Генерал-адмирал закашлялся.
— Распорядись-ка, капитан, чайку принести, а я докончу. С той поры Неплюев на всех приемах чужестранных министров был у государя за толмача. Запрошлое Рождество на балу государь вдруг задумался и пожаловался: «Потребен мне человек с италианским языком, послать резидентом в Царьград не знаю кого». А я рядом сидел и посоветовал: «Знаю, государь, такого, да одна беда, незнатен он и небогат». Государь глянул на меня: «Этому помочь можно скоро, но кто таков?» «Вот он стоит за твоей спиной», — отвечаю я. Государь-то и ухом не повел: «Да их много тут за спиной». Я и ткнул пальцем: «Твой хваленый, что у галерного строения», — на Неплюева показал. Государь поначалу головой покачал: «Это правда, Федор Матвеевич, что он добр, но мне хочется его у себя иметь». Но тут же еще поразмыслил государь и назначил Неплюева в Царьград. Тот опять на колени бросился, целует руку государя, а тот ему: «Не кланяйся братец, я вам от Бога приставник, и должность моя — смотреть того, чтобы недостойному не дать, а у достойного не отнять. Буде хорошо, будешь не мне, а более себе и отечеству добро сделаешь, а буде худо, так я истец, ибо Бог того от меня востребует за всех вас, чтобы злому и глупому не дать места вред делать. Служи верою и правдою!»
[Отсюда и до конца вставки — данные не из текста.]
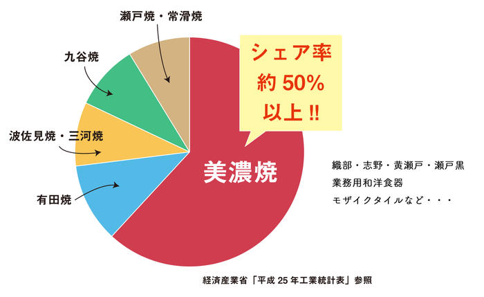 - 美濃焼産地の東濃地域では数百社の美濃焼メーカーがあり、

Апраксин допил остывший чай, встал, застегивая сюртук.
— Зачаевничал я у тебя, капитан. Вели-ка попроворней шлюпку подавать, пойду к себе на «Гангут». Да и ты не расхлобонивайся, через час-другой двинемся до Котлина...
Первую неделю августа 1723 года небо над Финским заливом напрочь затянуло свинцовой пеленой, то и дело, с небольшими перерывами, потоки дождя обрушивались на палубы кораблей. На Котлинском рейде, между островом и цитаделью Кроншлот, дугой выстроились почти все корабли Балтийского флота. По указу Петра флот готовился чествовать царский ботик, еще весной доставленный на Неву из Москвы. Сейчас это суденышко, предмет неусыпного внимания Петра, стояло на палубе специального транспорта в Военной гавани в ожидании торжества.
Утром 11 августа небо наконец прояснилось, изредка косые, скупые лучи солнца высвечивали прихорошенные, украшенные флагами расцвечивания корабли.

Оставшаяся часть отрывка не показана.